By Dale Critchley, Workplace Policy Manager, Aviva
We have 22.3 million people saving for their retirement, largely as a result of harnessing the power of inertia, setting employees on a straight-line course to retirement.
Unless there are “forces” that act on behalf of the saver, inertia means that savers pay a minimum amount into a default fund for the whole of their working life. It means that savers of all ages, genders and socio-economic groups have a chance to save into private pension pot, although for many it may not be as much as they need to enjoy the type of retirement they might aspire to.
There are two ways to change the outcome for savers. The first is to alter the direction for everyone. A provider can change the default contribution rates and the returns on default arrangements, this changes the outcome for those who remain on the default track to retirement. This has proven challenging to date. As automatic enrolment has gathered momentum it has become more difficult to alter its course.
International comparisons
The market for default funds has developed based on price, with an allowance for investment costs around five times less than in Australia, where automatic enrolment was implemented in 1992. The new Value for Money Framework will be key in promoting a focus on returns net of charges, while the Mansion House Compact and Accord evidence the readiness of signatories to invest in wider assets, in the interest of members and where they have the opportunity to do so.
Changes to default contribution levels, which will reach 12% in Australia this year, were pencilled in for the UK in the mid 2020’s. They would see contributions from the first pound earned and for employees aged 18 or more, but affordability is a concern for both employees and employers. The upcoming Pension Adequacy Review will provide an opportunity to consider when and how changes to default contribution levels will be implemented. We would hope to see a clear plan, to deliver certainty for employers and employees.
Longer term, we need to accept that we can’t emulate some of Australia’s successes, if we collectively contribute just two thirds of the contributions. The Pension Adequacy Review will also provide an opportunity to look beyond the next few years and set a longer-term roadmap.
Nudges
The second way to alter the outcome, is to apply nudges to change the direction of individuals or schemes. There are many employers who recognise the risks associated with a workforce who cannot afford to give up paid work. They encourage their employees to pay more into their pension scheme and they have governance committees in place, or operate their own occupational pension scheme, to focus on the value delivered by their scheme.
Similarly, there are employees who choose to make their own decisions. The FCA’s targeted support proposals provide an opportunity to help this cohort of savers make good decisions, driving better outcomes, tailored to their individual needs.
Retirement decisions
Inertia’s straight-line approach currently crashes headlong into retirement, because there is no clear straight line through retirement. Wants and needs prompt people to make a choice, but of course inertia and human behaviour tend to find a way to continue the straight line of minimal decision making. The FCA’s Retirement Income Data shows that 50% of pots were taken as cash in 2023/24, while Aviva and Age UK’s report “Managing Money in Mid-Retirement” revealed that many retirees hadn’t considered shopping around for their drawdown or annuity provider. The straight line of inertia currently leads toward encashment and in-scheme solutions.

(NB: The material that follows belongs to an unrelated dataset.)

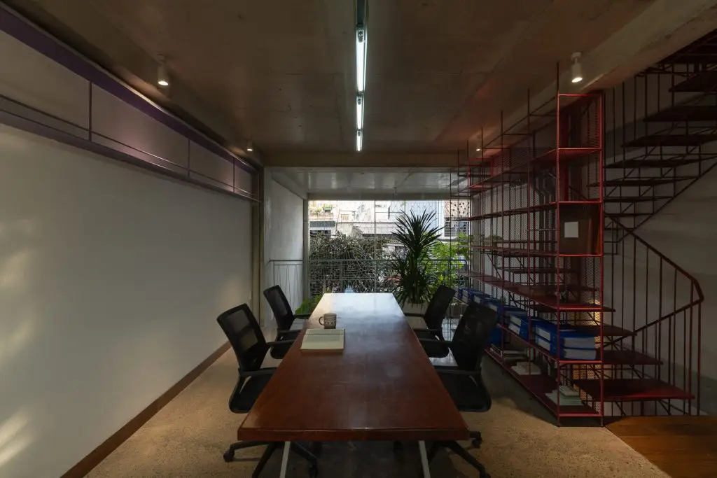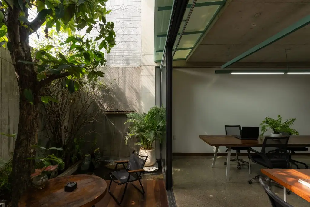 • Tầng trệt + Tầng lửng: Không gian văn phòng có khoảng trống cao gấp đôi để kết nối trực quan và thông gió tự nhiên.

The DWP will aim to change this by requiring a default income solution that is subject to value for money requirements. 'Flex first and fix later’ solutions, may continue the straight line of inertia into retirement, but we mustn’t give up on individual engagement. Individual retirement income needs are incredibly diverse, driven by past employment patterns, health, wealth, family circumstances, housing tenure and more.
A default may be better than the current inertia driven solutions, but our goal must be for people to make an informed and active choice based on their own needs. That means continuing to focus on individual nudges through the provision of information, by implementing targeted support and encouraging people to seek advice where it is appropriate. Only then can we maximise the value people get from a lifetime of saving.